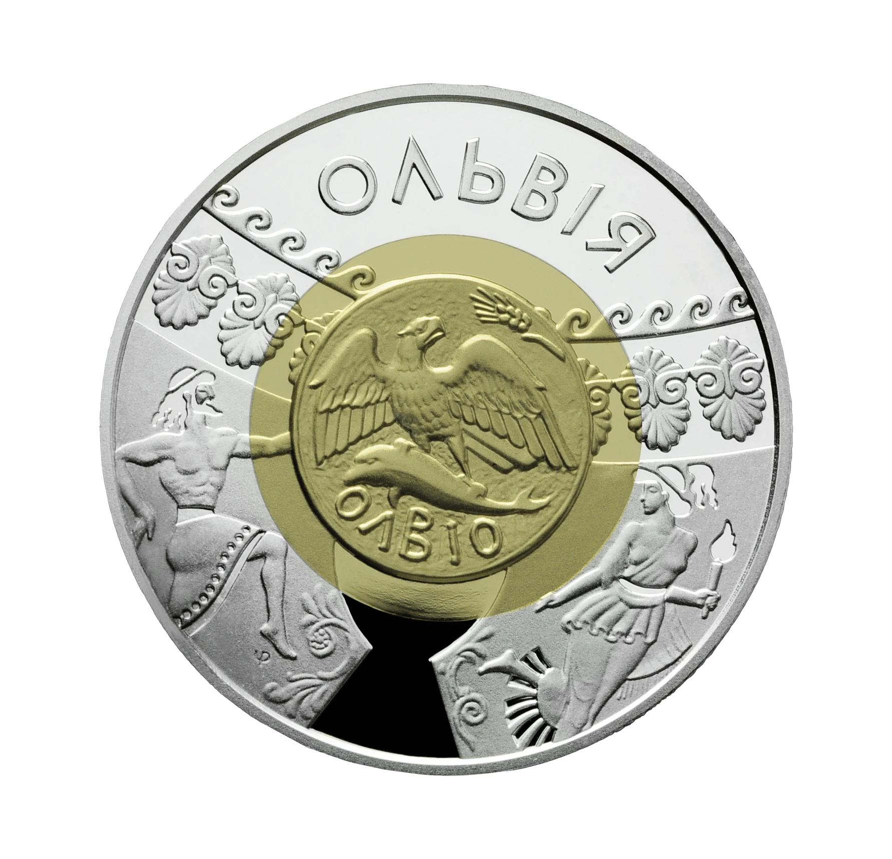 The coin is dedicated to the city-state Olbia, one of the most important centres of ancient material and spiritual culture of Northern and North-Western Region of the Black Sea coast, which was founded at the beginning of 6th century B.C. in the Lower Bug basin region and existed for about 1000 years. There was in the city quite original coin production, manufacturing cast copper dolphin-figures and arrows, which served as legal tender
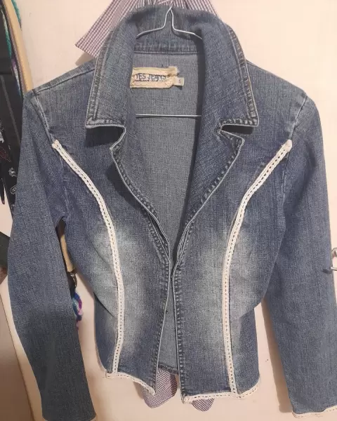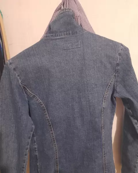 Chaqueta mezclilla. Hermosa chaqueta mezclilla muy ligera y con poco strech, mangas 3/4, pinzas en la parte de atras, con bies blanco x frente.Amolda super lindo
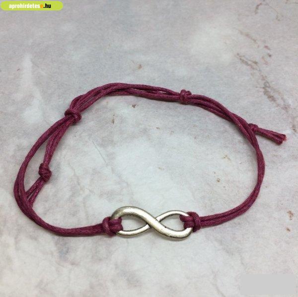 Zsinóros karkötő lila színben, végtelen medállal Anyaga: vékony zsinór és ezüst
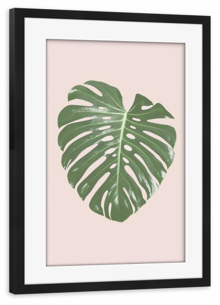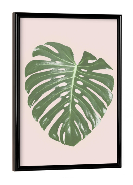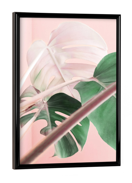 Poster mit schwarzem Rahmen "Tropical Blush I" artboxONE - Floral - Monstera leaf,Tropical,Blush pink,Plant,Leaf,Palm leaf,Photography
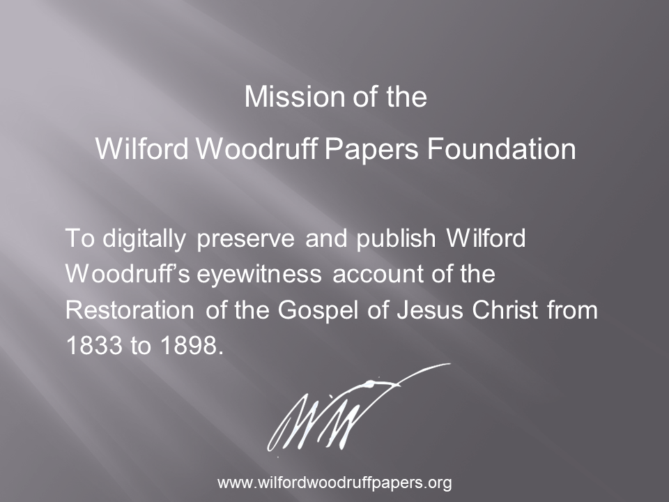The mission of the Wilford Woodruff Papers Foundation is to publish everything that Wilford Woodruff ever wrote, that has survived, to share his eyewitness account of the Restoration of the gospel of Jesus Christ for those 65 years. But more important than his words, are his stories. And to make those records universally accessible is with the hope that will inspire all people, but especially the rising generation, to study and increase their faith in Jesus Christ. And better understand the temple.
=-=-=-=-=
◆ PROBLEM REQUIREMENTS ◆
Quote only the lines that start at the line holding "Zsinóros karkötő lila" and end at the last line of the entries, including both of those lines, and omit every picture.

◆ WRITTEN SOLUTION ◆
 Zsinóros karkötő lila színben, végtelen medállal Anyaga: vékony zsinór és ezüst
 Poster mit schwarzem Rahmen "Tropical Blush I" artboxONE - Floral - Monstera leaf,Tropical,Blush pink,Plant,Leaf,Palm leaf,Photography
The mission of the Wilford Woodruff Papers Foundation is to publish everything that Wilford Woodruff ever wrote, that has survived, to share his eyewitness account of the Restoration of the gospel of Jesus Christ for those 65 years. But more important than his words, are his stories. And to make those records universally accessible is with the hope that will inspire all people, but especially the rising generation, to study and increase their faith in Jesus Christ. And better understand the temple.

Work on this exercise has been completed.